The 2.5 arc-minute historical grid is already cached from the earlier examples, so this call downloads nothing. It is a few dozen cell lookups and returns at once. Combine the climate values with the garden names, using the same two-step pattern as the cities example:

Show the code

## step 1: take just the climate columns
garden_values <- select(ca_climate, mat_c, map_cm)

## step 2: attach them to the garden names and cities
ca_result <- bind_cols(select(ca_gardens, Name, City), garden_values)

## show the first eight gardens
ca_result |>
  slice_head(n = 8) |>
  gt() |>
  tab_source_note("Climate values: WorldClim 2.1, 1970–2000 baseline.")

Name	City	mat_c	map_cm
Los Angeles County Arboretum and Botanic Garden	Arcadia	18.42833	43.1
Regional Parks Botanic Garden	Berkeley	14.94317	64.2
Marin-Bolinas Botanical Gardens	Bolinas	13.76615	108.1
Harland Hand Memorial Garden	El Cerrito	15.09635	69.1
San Diego Botanic Garden (formerly Quail Botanical Gardens)	Encinitas	16.26250	29.3
Fullerton Arboretum	Fullerton	18.42517	36.5
University of California Irvine Arboretum	Irvine	17.78083	32.8
Blake Garden	Kensington	14.59500	73.7
Climate values: WorldClim 2.1, 1970–2000 baseline.

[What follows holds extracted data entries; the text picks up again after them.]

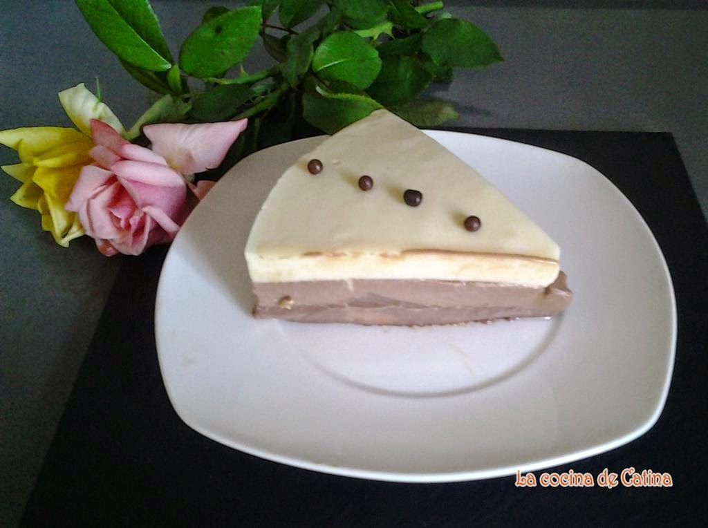 Echar en el vaso el chocolate con leche, triturar unos segundos en vel. 5/10. Añadir el sobre de cuajada, 30 gr de azúcar y 500 ml de la mezcla reservada. Programar 8 min a 90 grados vel. 5 y cuando acabe, rayar un poco la superficie anterior y volcar encima esta mezcla. Lavar el vaso. Echar el chocolate blanco y triturarlo unos segundos en velocidad 5/10. Añadir el sobre de cuajada, 30 gr de azúcar y el resto de la mezcla reservada. Programar 8 min, 90 grados vel. 5 y cuando acabe, rayar un poco la superficie anterior y volcar encima de ella. Dejar enfriar y meter en el frigorífico.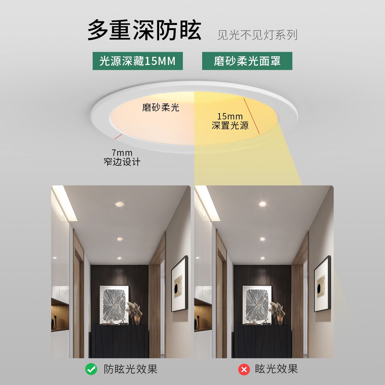 Rexy Lighting LED Anti-glare Lamp Embedded Three-Color Changing Household Living Room Narrow-Side Ultra-Thin Aluminum Ceiling Light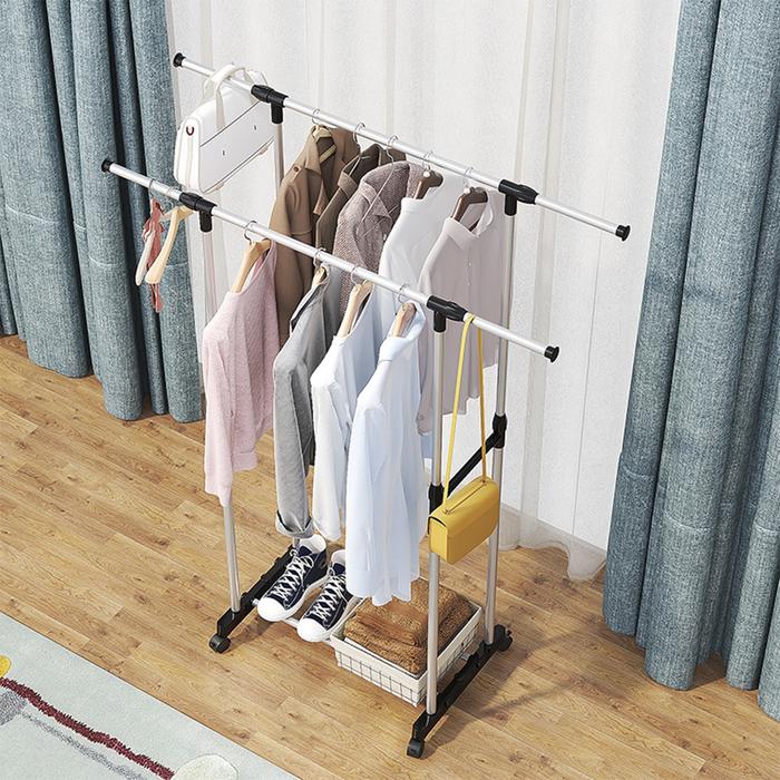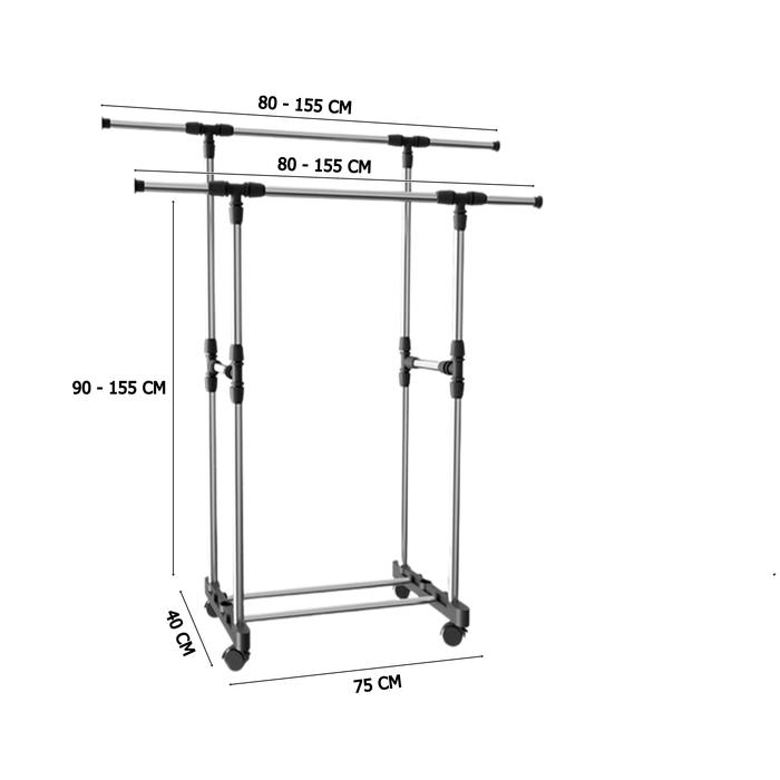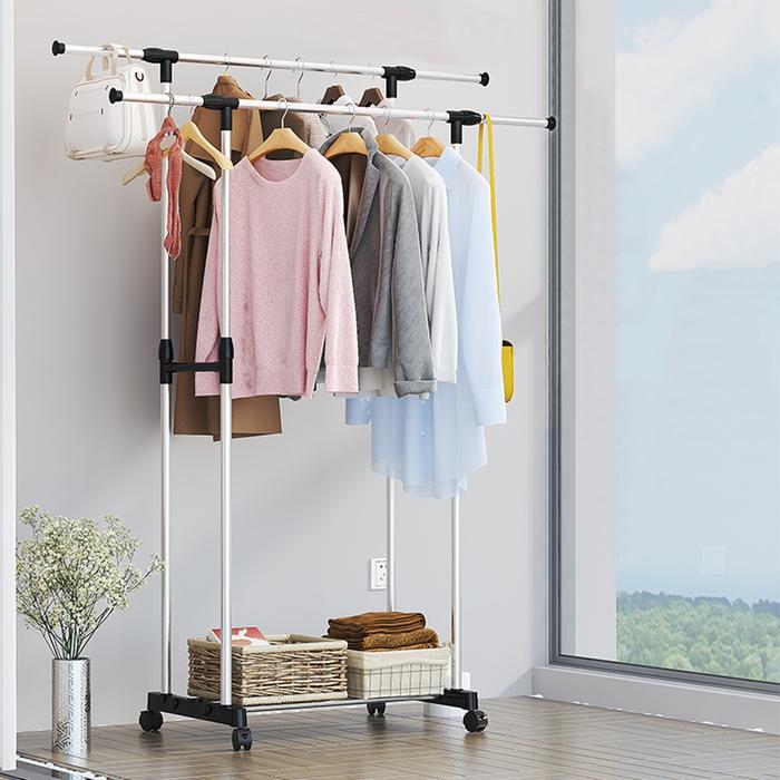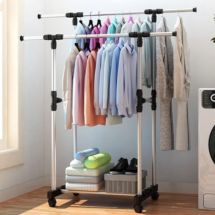 Stand Hanger Double Sisi Rak Handuk Sprei Dgn 4 Roda A689 - Putih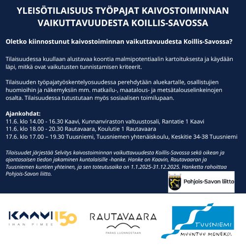 Työpajatilaisuudet kaivostoiminnan vaikuttavuudesta Koillis-Savossa järjestetään Kaavilla, Rautavaaralla ja Tuusniemellä.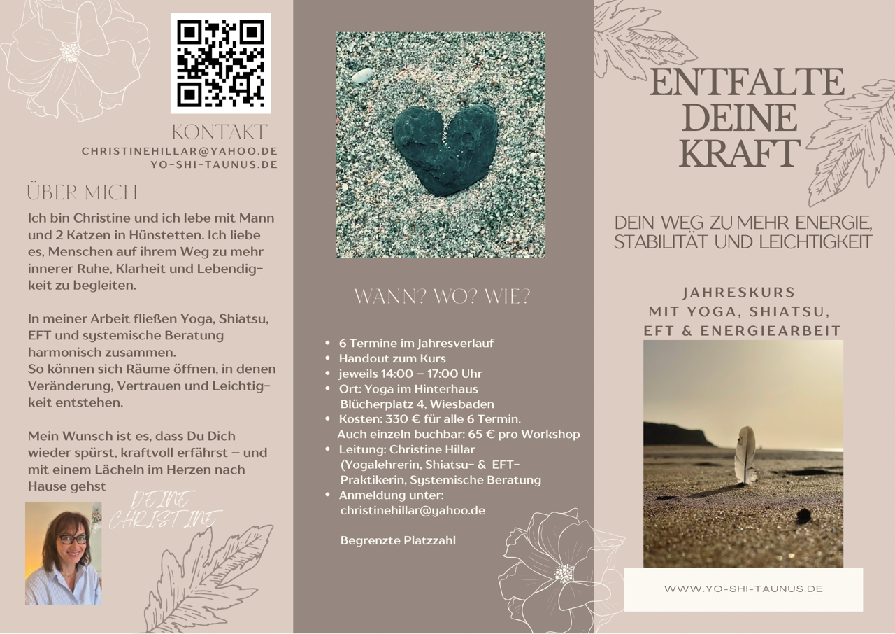Auf dieser Seite findest Du viele Informationen zu Yoga, Shiatsu, EFT, systemischer Beratung und meiner Arbeitsweise. Melde Dich gerne, wenn Du Fragen hast oder einen Termin vereinbaren möchtest.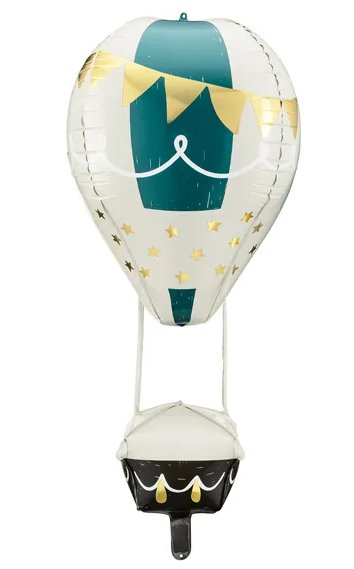 Duży balon foliowy 4D w kształcie latającego balona z koszem. Balon składa się z dwóch części które należy napompować osobno. Balon nadaje się do nadmuchania powietrzem lub helem. W zestawie słomka do nadmuchania. Przepiękna pastelowa kolorystyka. Wysokość około 86 cm po napompowaniu.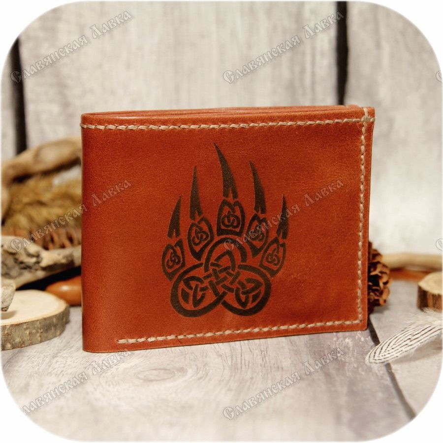 КОЖАНОЕ ПОРТМОНЕ «ПЕЧАТЬ ВЕЛЕСА»Благодарность мастеру 2299Портмоне кожаное славянское «Печать Велеса»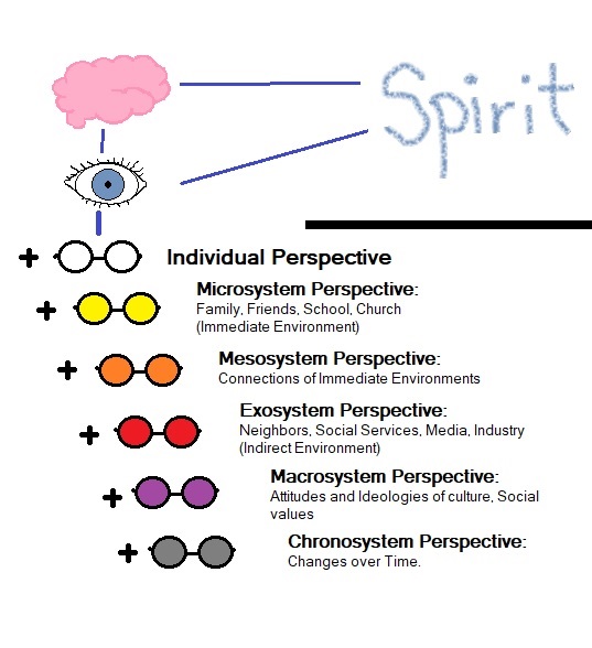 Ok, let me explain. In this dream, each person was categorized as two parts, physical and spiritual. The brain represents our physical self (which is also our mind and emotion). Our eyes are the windows of perception. From a previous blog I shared a diagram that explained Bronfenbrenner’s systems, and here they are depicted as lenses. With each system, the more ‘lenses’ the darker and darker the perspective. I’m not meaning dark as in bad or evil, but as a form or clarity. The more information you add, the more complex things become, the less and less you can see. Now you can also see, that this is primarily under the physical aspects of human beings because these are physical outlooks and perceptions. You can say that some of these systems of information can influence the spirit in a way, with religious and cultural values, but these are considered outside sources and not directly our own spirit.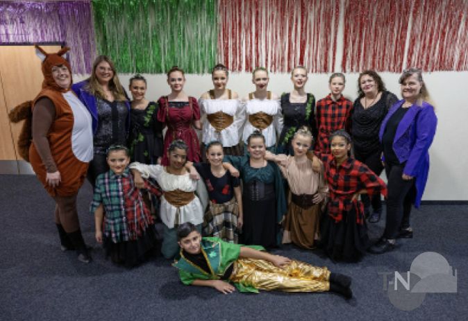 Zum Abschluss versammelten sich alle aktiven Tänzerinnen und Tänzer sowie die Betreuerinnen und Betreuer auf der Bühne und beendeten den Abend gemeinsam.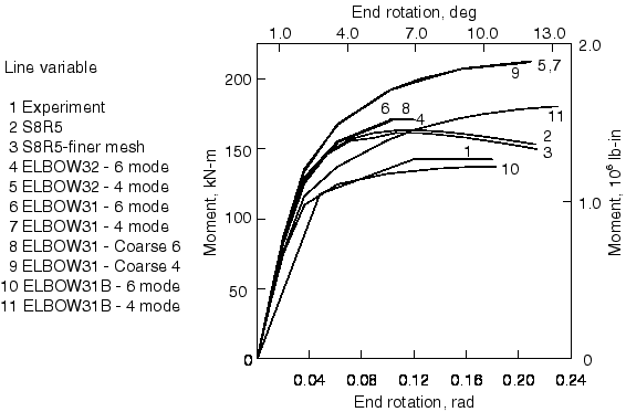 ProductsAbaqus/Standard Elbows are used in piping systems because they ovalize more readily than straight pipes and, thus, provide flexibility in response to thermal expansion and other loadings that impose significant displacements on the system. Ovalization is the bending of the pipe wall into an oval—i.e., noncircular—configuration. The elbow is, thus, behaving as a shell rather than as a beam. Straight pipe runs do not ovalize easily, so they behave essentially as beams. Thus, even under pure bending, complex interaction occurs between an elbow and the adjacent straight pipe segments; the elbow causes some ovalization in the straight pipe runs, which in turn tend to stiffen the elbow. This interaction can create significant axial gradients of bending strain in the elbow, especially in cases where the elbow is very flexible. This example provides verification of shell and elbow element modeling of such effects, through an analysis of a test elbow for which experimental results have been reported by Sobel and Newman (1979). An analysis is also included with elements of type ELBOW31B (which includes ovalization but neglects axial gradients of strain) for the elbow itself and beam elements for the straight pipe segments. This provides a comparative solution in which the interaction between the elbow and the adjacent straight pipes is neglected. The analyses predict the response up to quite large rotations across the elbow, so as to investigate possible collapse of the pipe and, particularly, the effect of internal pressure on that collapse. Geometry and modelThe elbow configuration used in the study is shown in Figure 1. It is a thin-walled elbow with elbow factor and radius ratio 3.07, so the flexibility factor from Dodge and Moore (1972) is 10.3. (The flexibility factor for an elbow is the ratio of the bending flexibility of an elbow segment to that of a straight pipe of the same dimensions, for small displacements and elastic response.) This is an extremely flexible case because the pipe wall is so thin. To demonstrate convergence of the overall moment-rotation behavior with respect to meshing, the two shell element meshes shown in Figure 2 are analyzed. Since the loading concerns in-plane bending only, it is assumed that the response is symmetric about the midplane of the system so that in the shell element model only one-half of the system need be modeled. Element type S8R5 is used, since tests have shown this to be the most cost-effective shell element in Abaqus (input files using element types S9R5, STRI65, and S8R for this example are included with the Abaqus release). The elbow element meshes replace each axial division in the coarser shell element model with one ELBOW32 or two ELBOW31 elements and use 4 or 6 Fourier modes to model the deformation around the pipe. Seven integration points are used through the pipe wall in all the analyses. This is usually adequate to provide accurate modeling of the progress of yielding through the section in such cases as these, where essentially monotonic straining is expected. The ends of the system are rigidly attached to stiff plates in the experiments. These boundary conditions are easily modeled for the ELBOW elements and for the fixed end in the shell element model. For the rotating end of the shell element model the shell nodes must be constrained to a beam node that represents the motion of the end plate using a kinematic coupling constraint as described below. The material is assumed to be isotropic and elastic-plastic, following the measured response of type 304 stainless steel at room temperature, as reported by Sobel and Newman (1979). Since all the analyses give results that are stiffer than the experimentally measured response, and the mesh convergence tests (results are discussed below) demonstrate that the meshes are convergent with respect to the overall response of the system, it seems that this stress-strain model may overestimate the material's actual strength. LoadingThe load on the pipe has two components: a “dead” load, consisting of internal pressure (with a closed end condition), and a “live” in-plane bending moment applied to the end of the system. The pressure is applied to the model in an initial step and then held constant in the second analysis step while the bending moment is increased. The pressure values range from 0.0 to 3.45 MPa (500 lb/in2), which is the range of interest for design purposes. The equivalent end force associated with the closed-end condition is applied as a follower force because it rotates with the motion of the end plane. Kinematic boundary conditionsThe fixed end of the system is assumed to be fully built-in. The loaded end is fixed into a very stiff plate. For the ELBOW element models this condition is represented by the NODEFORM boundary condition applied at this node. In the shell element model this rigid plate is represented by a single node, and the shell nodes at the end of the pipe are attached to it by using a kinematic coupling constraint and specifying that all degrees of freedom at the shell nodes are constrained to the motion of the single node. Results and discussionThe moment-rotation responses predicted by the various analysis models and measured in the experiment, all taken at zero internal pressure, are compared in Figure 3. The figure shows that the two shell models give very similar results, overestimating the experimentally measured collapse moment by about 15%. The 6-mode ELBOW element models are somewhat stiffer than the shell models, and those with 4 Fourier modes are much too stiff. This clearly shows that, for this very flexible system, the ovalization of the elbow is too localized for even the 6-mode ELBOW representation to provide accurate results. Since we know that the shell models are convergent with respect to discretization, the most likely explanation for the excessive stiffness in comparison to the experimentally measured response is that the m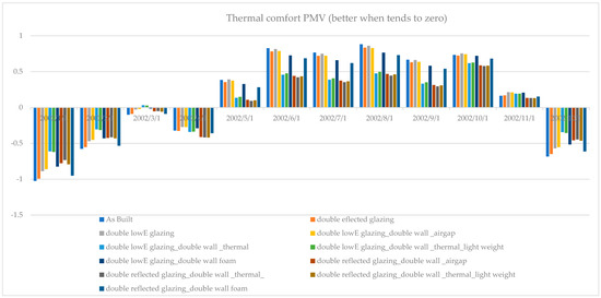 The predictive mean value (PMV) indicates the degree of thermal comfort achieved in a particular space. The value of this metric ranges from a value of 3 to −3, and improvement takes place when the value tends to zero. Therefore, based on Table 3 and Figure 13, Case 4 has the best PMV values compared to the other ten cases, and it improves the indoor thermal comfort better than the base case throughout the twelve months of the year. Moreover, it can be recognized that applying double low-E glass achieves more improvement than using double reflective glass in the winter months.

The full California set spans a wide climate range, from the cool, wet gardens of the far north coast to the hot, dry gardens of the southern deserts. That spread is the point. One get_climate() call has placed every garden on the same two climate axes, ready for the Whittaker diagram. The Basic Whittaker Diagrams chapter takes this same California result and plots all of the gardens together, and a later chapter uses them to ask which gardens sit closest to a biome boundary, and so face the most change as the climate shifts.